• **TASK STATEMENT**
Transcribe exactly the lines below that begin at the line with "Profesionální Bruska na" and stop after the line with "Dựa vào nội", leaving out every picture.

• **DATA FOR ANALYSIS**

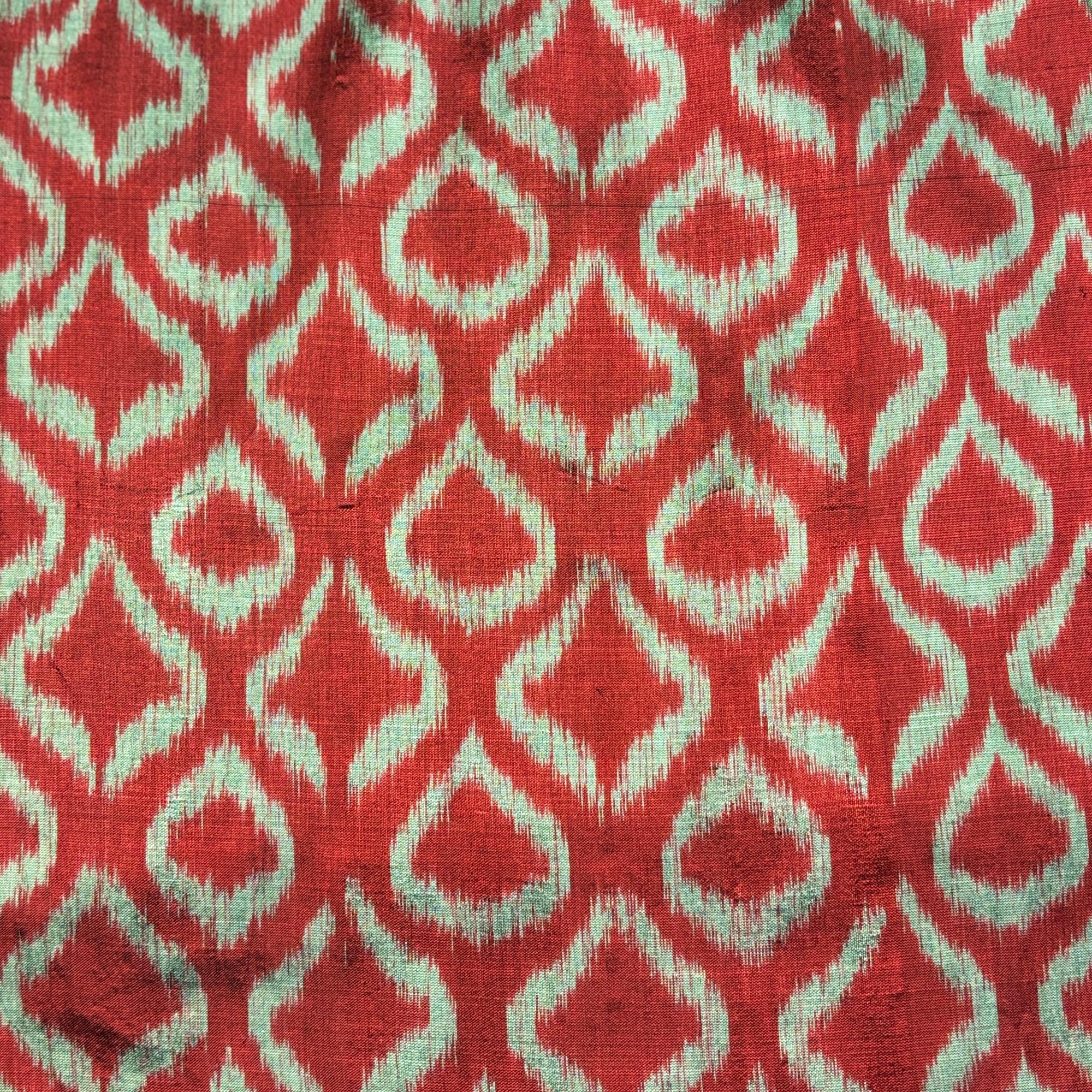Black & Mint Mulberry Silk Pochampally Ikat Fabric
--
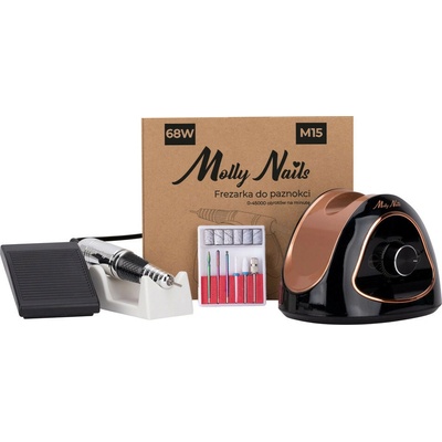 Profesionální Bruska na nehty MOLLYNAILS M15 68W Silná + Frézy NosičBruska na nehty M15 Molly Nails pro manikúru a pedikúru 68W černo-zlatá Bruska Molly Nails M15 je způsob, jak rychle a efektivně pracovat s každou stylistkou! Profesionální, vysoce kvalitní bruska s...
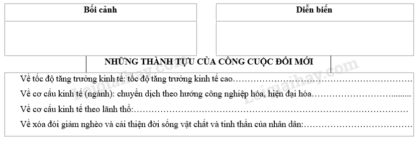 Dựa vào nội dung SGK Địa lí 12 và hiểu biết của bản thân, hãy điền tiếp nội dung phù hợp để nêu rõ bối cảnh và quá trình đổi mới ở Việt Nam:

• **EXERCISE SOLUTION**
 Profesionální Bruska na nehty MOLLYNAILS M15 68W Silná + Frézy NosičBruska na nehty M15 Molly Nails pro manikúru a pedikúru 68W černo-zlatá Bruska Molly Nails M15 je způsob, jak rychle a efektivně pracovat s každou stylistkou! Profesionální, vysoce kvalitní bruska s...
 Dựa vào nội dung SGK Địa lí 12 và hiểu biết của bản thân, hãy điền tiếp nội dung phù hợp để nêu rõ bối cảnh và quá trình đổi mới ở Việt Nam:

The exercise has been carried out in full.